■ Exercise description
The entries below contain pictures, which are to be left out; write out exactly, and only, the lines from the line with "商品名:fogman 家具 転倒防止" up to and including the line with "Maintenant démarrez ReMPEG2".

■ Working data
◆ ◆ ◆ ◆ ◆

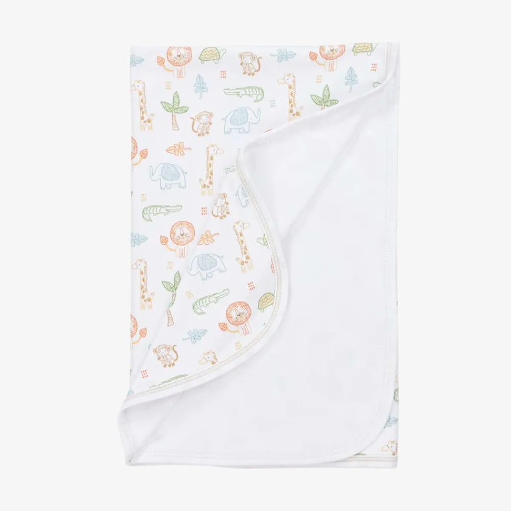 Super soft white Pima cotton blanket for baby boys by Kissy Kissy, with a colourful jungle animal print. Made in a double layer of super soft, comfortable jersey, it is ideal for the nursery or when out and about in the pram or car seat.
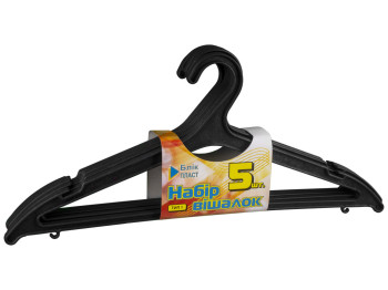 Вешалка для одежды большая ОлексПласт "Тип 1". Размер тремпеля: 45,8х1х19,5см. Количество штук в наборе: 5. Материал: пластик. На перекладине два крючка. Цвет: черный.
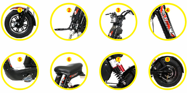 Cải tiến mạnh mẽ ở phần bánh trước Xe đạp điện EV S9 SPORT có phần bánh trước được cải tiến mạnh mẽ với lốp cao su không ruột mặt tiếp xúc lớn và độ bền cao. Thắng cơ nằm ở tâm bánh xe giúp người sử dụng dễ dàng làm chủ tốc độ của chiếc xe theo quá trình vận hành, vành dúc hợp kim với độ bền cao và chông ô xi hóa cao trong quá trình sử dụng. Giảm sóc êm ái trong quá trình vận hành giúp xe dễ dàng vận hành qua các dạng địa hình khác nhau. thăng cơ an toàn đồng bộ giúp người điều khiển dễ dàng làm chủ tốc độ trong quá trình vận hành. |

◆ ◆ ◆ ◆ ◆

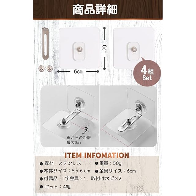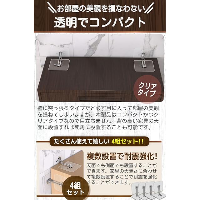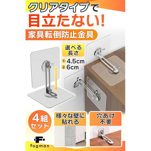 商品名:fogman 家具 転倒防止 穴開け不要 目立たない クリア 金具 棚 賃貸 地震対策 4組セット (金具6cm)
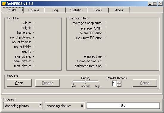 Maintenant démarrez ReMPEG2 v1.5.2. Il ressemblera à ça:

◆ ◆ ◆ ◆ ◆

■ Exercise answer
 商品名:fogman 家具 転倒防止 穴開け不要 目立たない クリア 金具 棚 賃貸 地震対策 4組セット (金具6cm)
 Maintenant démarrez ReMPEG2 v1.5.2. Il ressemblera à ça:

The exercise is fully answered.